No documento As vozes da Rio+20 (páginas 140-145)

A questão ecológica do desenvolvimento sustentável foi representada no textos de todos os nove Major Groups que se pronunciaram na Plenária de Alto Nível da Rio+20. Apesar de ser um discurso onipresente nos pronunciamentos desses grupos sociais, sua representação se prestou a funções de fala variadas. Na maior parte das vezes, a abordagem a esse tema serviu como justificativa para realçar a importância do debate sobre o desenvolvimento sustentável em escala global, com o envolvimento de todos os países e dos demais stakeholders. Conforme se lê nos excertos abaixo, os argumentos mais recorrentes nessas justificativas foram as ameaças das ações humanas que desequilibram condições naturais do planeta (excertos (1), (2), (3), (4), (5), (6)), os perigos dos desgastes dos limites ecológicos do planeta (excertos (1), (2), (3), (5), (6)) e a urgência de medidas efetivas para responder aos desafios do desenvolvimento sustentável (excertos (1), (2), (5)).

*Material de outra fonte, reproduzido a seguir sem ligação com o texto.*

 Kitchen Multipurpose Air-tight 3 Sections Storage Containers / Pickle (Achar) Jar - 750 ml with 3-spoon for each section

(1) We meet at a time of unprecedented challenges. (…) Science has sounded the alarm that humanity is putting enormous pressure on our planet. We have entered the Anthropocene, where human activity dominates the planet. Dangerous climate change, biodiversity loss, and widespread pollution present grave threats to our survival. (…) There is no time to waste. We must act now, together (Major Group Comunidade Científica e Tecnológica).

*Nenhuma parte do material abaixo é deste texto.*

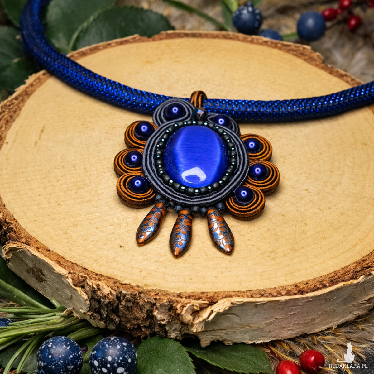 Ręcznie wykonany komplet biżuterii sutasz w eleganckim połączeniu chabrowego i brązu. Zestaw zawiera kolczyki oraz naszyjnik z efektownym kaboszonem typu kocie oko – idealny dodatek na wyjątkowe okazje lub oryginalny prezent.

(2) This planet, our common home, has been misused for too long and the time for change is now. (…) The current challenges are unprecedented and never before

have we had the need to react with such decisiveness and action. We must acknowledge, honestly, the serious challenges posed by humanity's pressure on the planet's boundaries (Major Group Crianças e Jovens).

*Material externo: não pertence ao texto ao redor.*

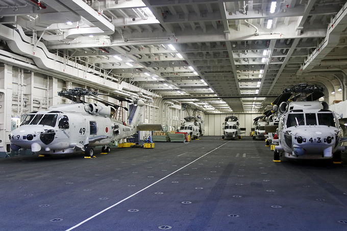 | DDH-183 có khả năng chở đến 28 máy bay các loại gồm chống ngầm.... Cùng lúc, tàu vận chuyển 400 binh lính cùng 50 xe tải loại 3,5 tấn và các thiết bị tương đương để thực hiện tìm kiếm cứu hộ. Ảnh: Vnexpress |
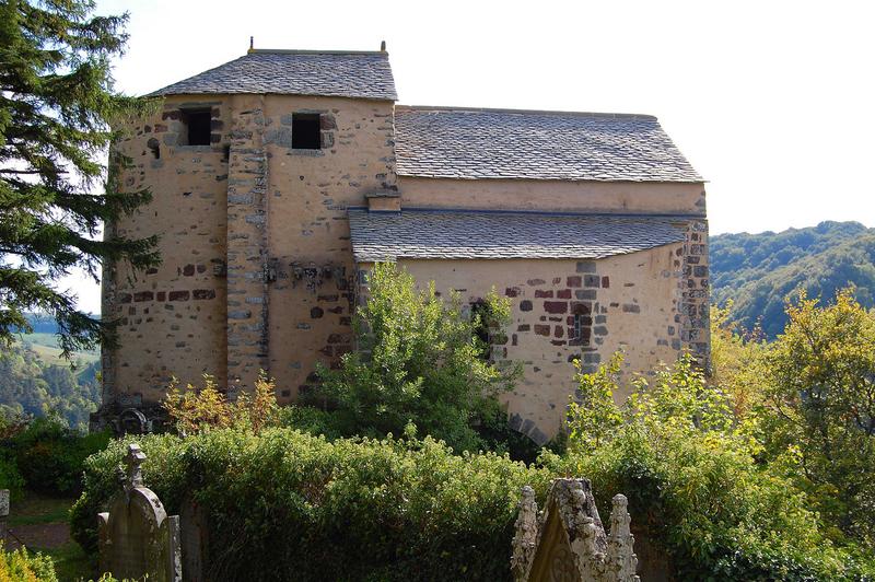 La position sur un piton rocheux de l'édifice laisse supposer qu'il devait s'agir d'une chapelle de pélerinage. L'édifice roman a été transformé soit pendant la guerre de Cent ans, soit pendant les guerres de Religion par surélévation des murs dans un but défensif, en particulier ceux de l'abside. L'église présente une nef unique à laquelle une chapelle et un vestibule ont été ajoutés au 15e siècle. Le choeur est constitué par une travée droite et une abside semi-circulaire.

(3) We see that the Earth and all life is in a serious state of peril. We see the current model of development continues to proceed on the road of peril (Major Group Povos Indígenas).

(4) This century will see a global, unprecedented urbanization. Indeed, in the next 40 years, the projected expansion of urban capacity with 3 billion citizens is equivalent to that which has occurred over the last 4000 years until now (Major Group Autoridades Locais).

(5) We all know the threat that is facing us, and I do not need to repeat the urgency. Science is very clear. If we do not change in the coming five to ten years the way our societies function, we will be threatening the survival of future generations and all other species on the planet (Major Group Organizações Não- Governamentais).

(6) Unless we act to promote environmental protection, to avoid climate change, to develop renewable energies, to clean production and supply chains, to promote sustainable forestry management, public transportation, energy efficiency, safe and clean chemicals, and many more environmentally-sound policies, our claims for social justice and equality will never be realized (Major Group Trabalhadores e Sindicatos).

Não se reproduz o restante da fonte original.